After Fighting Parents, School District Receives Very Embarrassing Punishment

After prohibiting a group of mothers from reading sexually explicit content found in their kids’ school library books aloud at school board sessions, a Georgia school district agreed to pay $100,000 in legal fees, Fox News Digital reported.

The Forsyth County School District was sued by a group of mothers known as the Mama Bears for allegedly infringing the parents’ First Amendment rights. One of the group’s members was prohibited from reading the pornographic portions at school board meetings because she was trying to raise awareness about improper books in her child’s school library.

A Mama Bears member named Alison Hair read passages from Jonathan Safran Foer’s book “Extremely Loud and Incredibly Close” to the school board in February of last year. Hair stated that her son’s middle school library had the book.

As she began to read, “I know that you give someone a blow job by putting your penis…” a member of the school board cut her off.

Hair attempted to read the book aloud at a school board meeting the following month once more.

The board members replied by notifying Hair in writing that she was not permitted to attend subsequent meetings until she conformed with the rules. The school board charged Hair with breaking its rules regarding public engagement in the letter.

In July 2022, The Mama Bears brought legal action against the district.
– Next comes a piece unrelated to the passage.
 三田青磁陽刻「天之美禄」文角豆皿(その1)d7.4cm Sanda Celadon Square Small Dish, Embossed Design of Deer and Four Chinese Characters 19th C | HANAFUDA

The mothers’ lawsuit claimed that “people cannot legitimately pronounce judgment on literature that they have not read. Additionally, the First Amendment safeguards parents’ freedom to read aloud from these books as well as the public’s right to hear the content in question when a school’s decision regarding which books young children should read is the topic of political controversy. But the Forsyth County School Board has gone so far as to silence and exclude any parents who simply read aloud from its schools’ library books from its sessions, humiliated by discussion over its decisions.”

The FCS school board’s policy on public engagement was found to be unconstitutional by a federal judge in Nov., in accordance with the Institute for Free Speech, which represented the moms in the case. Additionally, the judge ordered the board to permit Hair access to board meetings.
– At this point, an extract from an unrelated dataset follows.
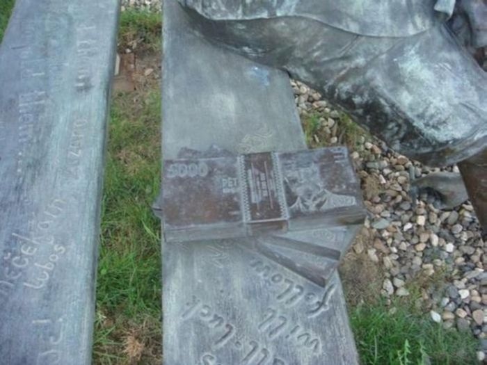 Памятник установлен у самого известного букмекерского бюро Чехии.

The Mama Bears prevailed in the court case, and as compensation for suppressing the moms’ speech, the school district agreed to pay the mothers’ legal costs.

“Our civil rights laws include a provision known as “fee shifting,” which gives successful litigants who can demonstrate that government officials have censored them the ability to have their legal bills covered by the wrongdoers, just like they would in the case of any other illegal discrimination. We hope that the members of the school board and their attorneys take note,” Del Kolde, a senior attorney at the Institute for Free Speech, said to Fox News Digital.

The court further stated that the board cannot bar “present or future FCS speakers who have the right to speak at an FCS school board meeting, from reading or citing directly from the text of any book or written work available in an FCS library or classroom, when confronting the school board during the public-comment time at school board meetings.”

FCS informed Fox News Digital that “Our Board voted on the settlement arrangement earlier this month. Our insurance provider handled the legal fee payments.”